[Dataset records]

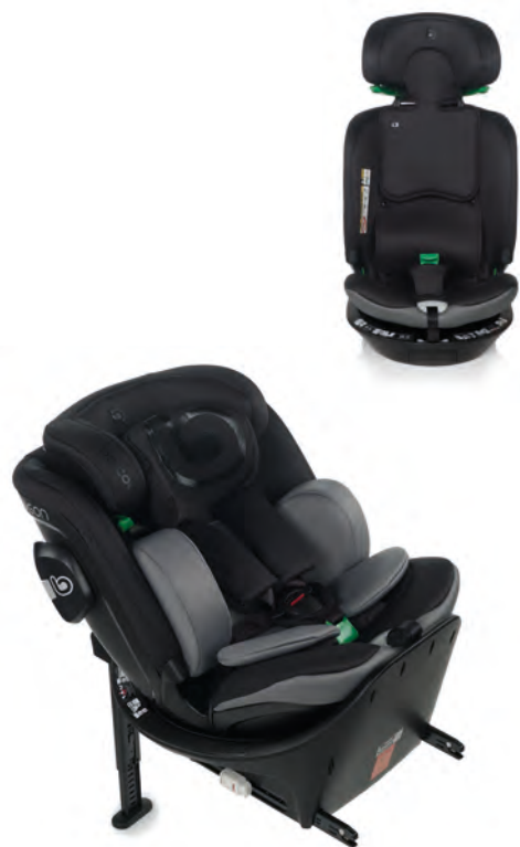
#BeCarbon 7036 Z13

IT Wagon è un sistema di ritenuta per bambini di tutte le età (40-150 cm) conforme alla normativa i-Size (R129) e dotato di agganci isofix e barra di appoggio. L'imbragatura resta all'interno della struttura della base offrendo un'ulteriore sicurezza. Ruota di 360° e offre posizione di carico e passaggio della cintura subaddominale che previene gli scivolamenti, migliorando così la protezione in caso di incidente.
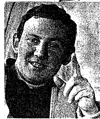
...maar niet als de gulle, hartelijke Vlaamse Reus, die hij ten slotte óók is.
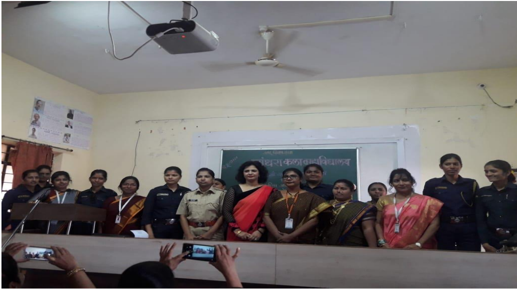
माताचा व दामिनी पथकाचा सन्मान
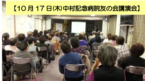
【10月17日(木)中村記念病院友の会講演会】
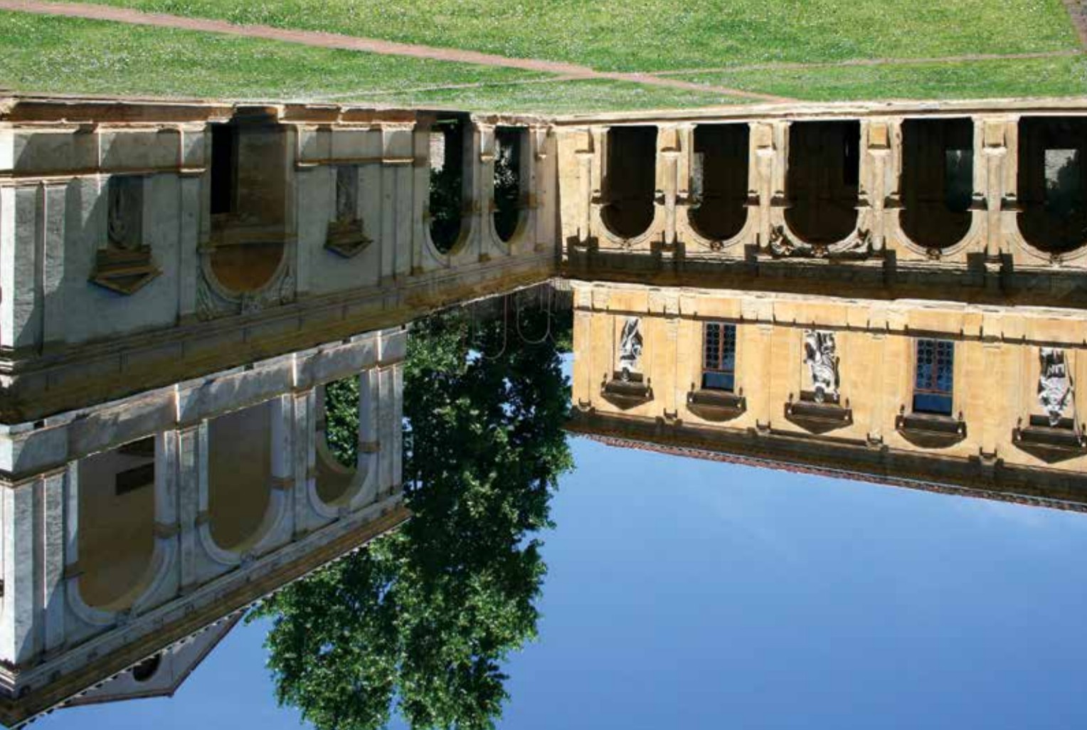
Alvise Cornaro, Compendio della vita sobria , 1561

“...queste mie belle, & comode stanze, fabricate da me con tanti apparati, giardini, che à redurti alla loro perfettione, vi ha bisognato gran tempo...”
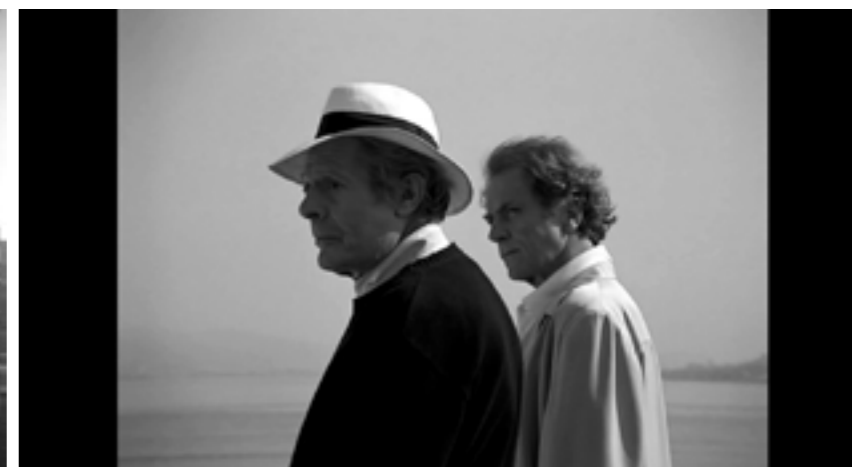
THE STRANGE CASE OF ANGELICA, 2010 DOURO, FAINA FLUVIAL, 1931 VIAGEM AO PRINCÍPIO DO MUNDO, 1997

[Exercise] A word-for-word copy of the records is needed, one that contains no pictures.

[Completed task]
#BeCarbon 7036 Z13

IT Wagon è un sistema di ritenuta per bambini di tutte le età (40-150 cm) conforme alla normativa i-Size (R129) e dotato di agganci isofix e barra di appoggio. L'imbragatura resta all'interno della struttura della base offrendo un'ulteriore sicurezza. Ruota di 360° e offre posizione di carico e passaggio della cintura subaddominale che previene gli scivolamenti, migliorando così la protezione in caso di incidente.
...maar niet als de gulle, hartelijke Vlaamse Reus, die hij ten slotte óók is.
माताचा व दामिनी पथकाचा सन्मान
【10月17日(木)中村記念病院友の会講演会】
Alvise Cornaro, Compendio della vita sobria , 1561

“...queste mie belle, & comode stanze, fabricate da me con tanti apparati, giardini, che à redurti alla loro perfettione, vi ha bisognato gran tempo...”
THE STRANGE CASE OF ANGELICA, 2010 DOURO, FAINA FLUVIAL, 1931 VIAGEM AO PRINCÍPIO DO MUNDO, 1997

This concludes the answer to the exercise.